The length of the val buffer in bytes. It is not a string length.

char *xcode

The value's MIME content transfer encoding (e.g., base64), or an empty string if not defined.

The struct khttpauth structure holds authorisation data if passed by the server. The specific fields are as follows.

enum kauth type

If no data was passed by the server, the type value is KAUTH_NONE. Otherwise it's KAUTH_BASIC, KAUTH_BEARER, or KAUTH_DIGEST. KAUTH_UNKNOWN signals that the authorisation type was not recognised.

int authorised

For KAUTH_BASIC, KAUTH_BEARER, or KAUTH_DIGEST authorisation, this field indicates whether all required values were specified for the application to perform authorisation.

char *digest

An MD5 digest of REQUEST_METHOD, SCRIPT_NAME, PATH_INFO, header variables and the request body. It is not a NUL-terminated string, but an array of exactly MD5_DIGEST_LENGTH bytes. Only filled in when HTTP_AUTHORIZATION is "digest" and authorised is non-zero. Otherwise, it remains NULL. Used in khttpdigest_validatehash(3).

d

An anonymous union containing parsed fields per type: struct khttpbasic basic for KAUTH_BASIC or KAUTH_BEARER, or struct khttpdigest digest for KAUTH_DIGEST.

If the field for an HTTP authorisation request is KAUTH_BASIC or KAUTH_BEARER, it will consist of the following for its parsed entities in its struct khttpbasic structure:

response

The hashed and encoded response string for KAUTH_BASIC, or an opaque string for KAUTH_BEARER.

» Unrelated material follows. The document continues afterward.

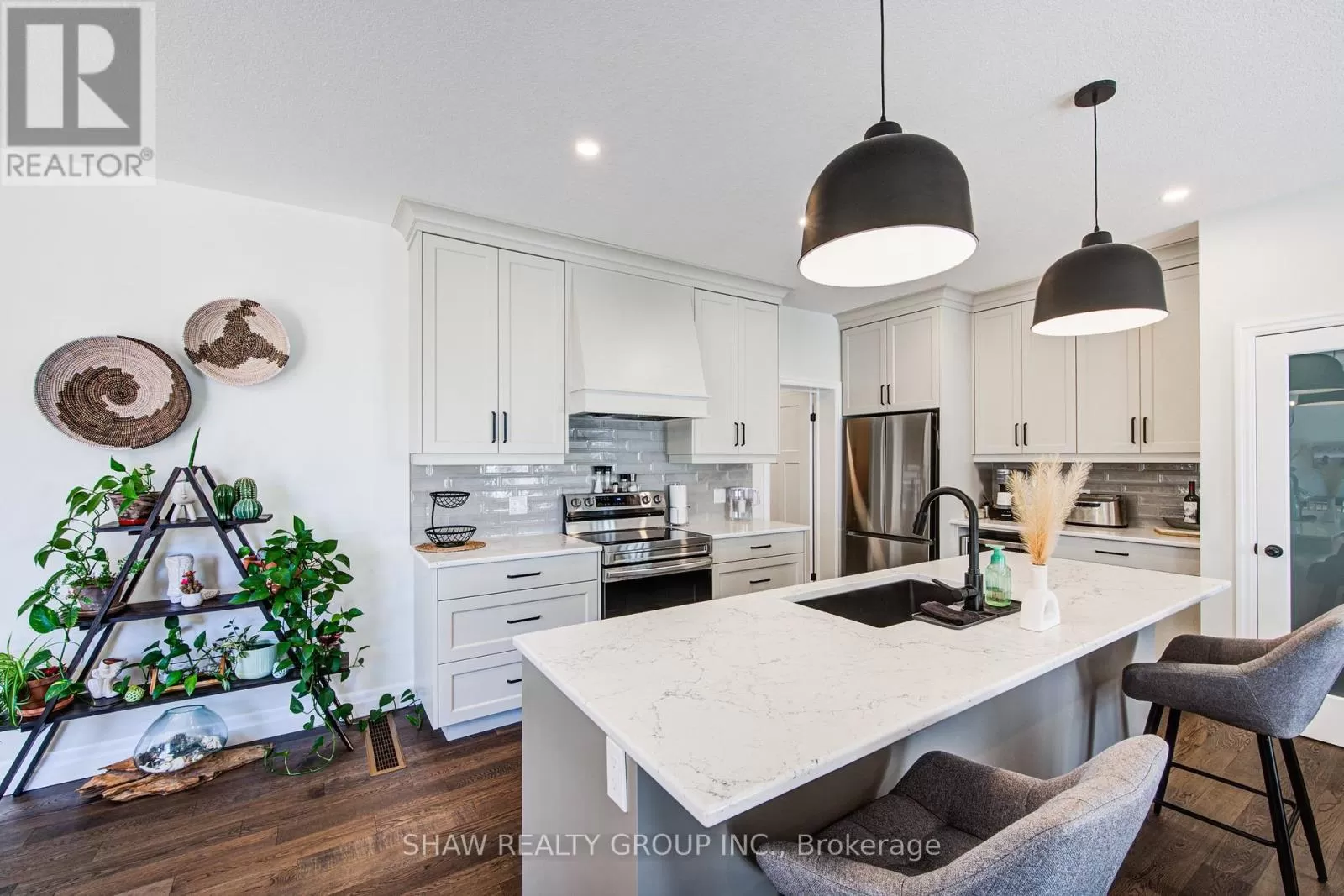 North St E and Coulthard St Welcome to this stunning Hayhoe-built 4+1 bedroom home, perfectly located in a quiet and family-friendly Tillsonburg neighbourhood. Step inside to an inviting open-concept main floor featuring hardwood flooring, pot lights, and upgraded light fixtures throughout. The gorgeous open concept kitchen showcases soft-close shaker-style cabinetry, quartz countertops, stainless steel appliances, and a spacious island ideal for entertaining. Main floor mudroom and laundry adds an extra touch of convenience. Upstairs, youll find four generous bedrooms, including a bright primary retreat with a private 4-piece ensuite. The professionally finished basement offers even more living space with a spacious rec room, large windows, a full bathroom, and an additional bedroom perfect for guests or a growing family. Enjoy life in Tillsonburg, just minutes from Lake Lisgar for swimming and outdoor activities, scenic trails, beautiful parks, and a charming downtown filled with local shops, dining, and farm-fresh produce. Experience the warmth of small-town living with the convenience of city amenities right at your doorstep (id:27476)

If the field for an HTTP authorisation request is KAUTH_DIGEST, it will consist of the following in its struct khttpdigest structure:

alg

The encoding algorithm, parsed from the possible MD5 or MD5-Sess values.

qop

The quality of protection algorithm, which may be unspecified, Auth or Auth-Init.

user

The user coordinating the request.

uri

The URI for which the request is designated. (This must match the request URI).

realm

The request realm.

nonce

The server-generated nonce value.

cnonce

The (optional) client-generated nonce value.

response

The hashed and encoded response string, which entangled fields depending on algorithm and quality of protection.

count

The (optional) cnonce counter.

opaque

The (optional) opaque string requested by the server.

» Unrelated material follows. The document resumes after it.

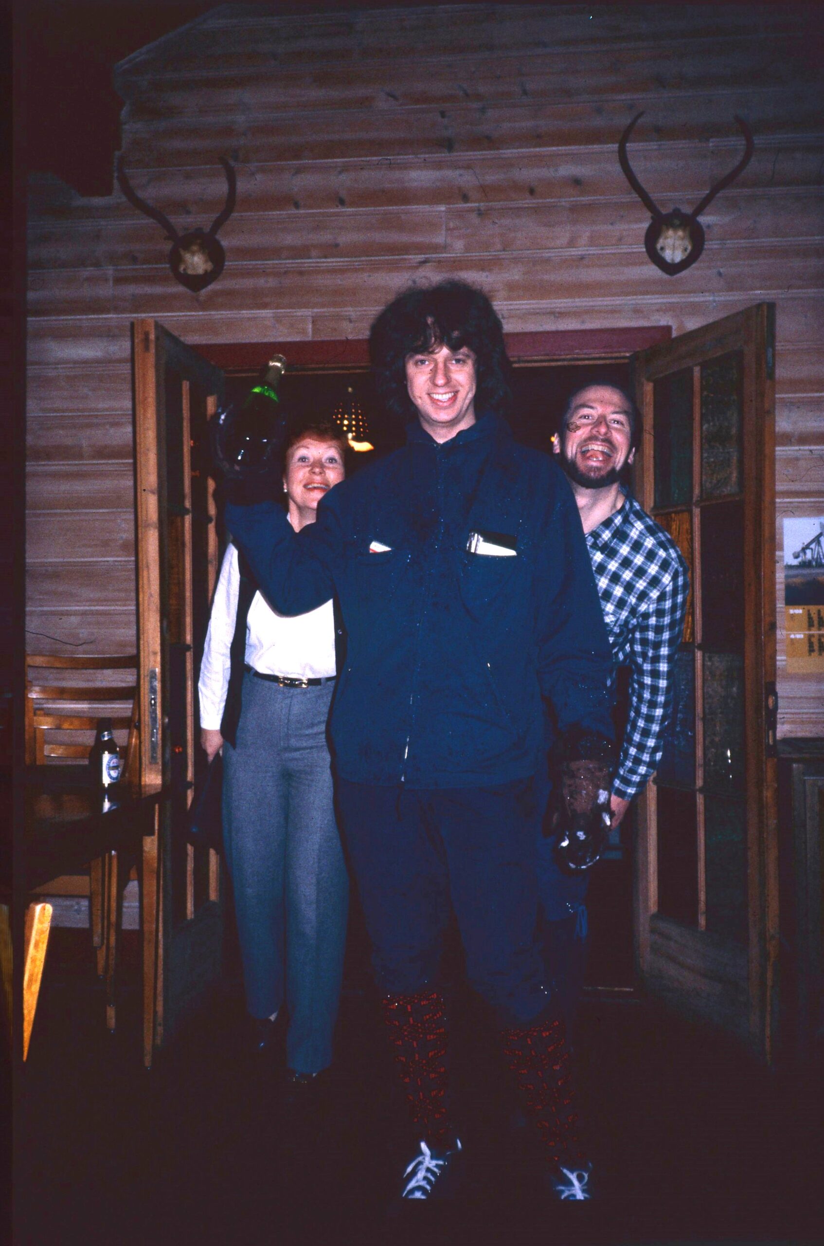 Jeg ble gjerne valgt nest sist i fotball og sprakk i skirenn. Men her er øyeblikket, min seier i bedriftsrennet i idealtid på Skytterkollen tidlig på 80-tallet. Jeg benyttet sekundant. Man må tilte for å komme frem i verden. Foto: Privat.

The struct kopts structure consists of tunables for network performance. You probably don't want to use these unless you really know what you're doing!

sndbufsz

The size of the output buffer. The output buffer is a heap-allocated region into which writes (via khttp_write(3) and khttp_head(3)) are buffered instead of being flushed directly to the wire. The buffer is flushed when it is full, when the HTTP headers are flushed, and when khttp_free(3) is invoked. If the buffer size is zero, writes are flushed immediately to the wire. If the buffer size is less than zero, it is filled with a meaningful default.

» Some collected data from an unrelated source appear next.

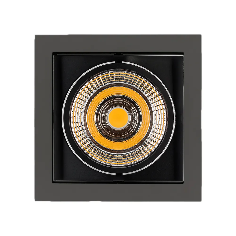 Встраиваемый карданный светильник. Угол 30° / 25Вт / БЕЛЫЙ 6000K / 2200лм, CRI>90. Корпус черный. Питание AC220-240V, 25Вт, 700mA 30-42V, драйвер в комплекте. Размеры LxWxH: 152х152x95мм, отверстие для установки 140x140мм.
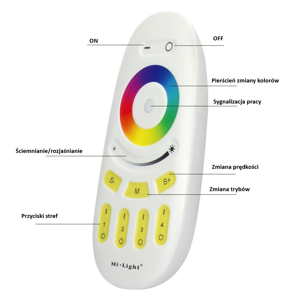 Cztery odbiorniki strefowe MiLight FUT037 + pilot MiLight 4-strefowy to produkty łączące w sobie nowoczesność oraz praktyczne rozwiązania z zakresu sterowania oświetleniem LED w technologii RGB .Zestaw czterech odbiorników strefowych i jeden pilot strefowy pozwala na za sterowanie czteroma niezależnymi odcinkami taśmy LED RGB (wielokolorowej) , Z poziomu pilota można zał/wył zmienić barwę światła ,włączyć jeden z trybów dynamicznych , ściemnić lub rozjaśnić każdy osobno odcinek taśmy LED lub wszystkie naraz. Proponowany zestaw daje możliwość za sterowania przy pomocy jednego pilota oświetlenie LED w całym domu.
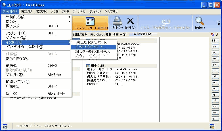 共有コンタクトデータベースにインポートする場合は、あらかじめそのコンタクトデータベースを開いてください。開かなかった場合は、[コンタクト]フォルダ内にコンタクトが作成されます。

Lastly, the struct khead structure holds parsed HTTP headers.

key

Holds the HTTP header name. This is not the CGI header name (e.g., HTTP_COOKIE), but the reconstituted HTTP name (e.g., Coookie).

val

The opaque header value, which may be an empty string.

Variables

A number of variables are defined <kcgi.h> to simplify invocations of the khttp_parse() family. Applications are strongly suggested to use these variables (and associated enumerations) in khttp_parse() instead of overriding them with hand-rolled sets in khttp_parsex().

kmimetypes

Indexed list of common MIME types, for example, “text/html” and “application/json”. Corresponds to enum kmime enum khttp.

khttps

Indexed list of HTTP status code and identifier, for example, “200 OK”. Corresponds to enum khttp.

kschemes

Indexed list of URL schemes, for example, “https” or “ftp”. Corresponds to enum kscheme.

kmethods

Indexed list of HTTP methods, for example, “GET” and “POST”. Corresponds to enum kmethod.

ksuffixmap

Map of MIME types defined in enum kmime to possible suffixes. This array is terminated with a MIME type of KMIME__MAX and name NULL.

ksuffixes

Indexed list of canonical suffixes for MIME types corresponding to enum kmime. This may be a NULL pointer for types that have no canonical suffix, for example. “application/octet-stream”.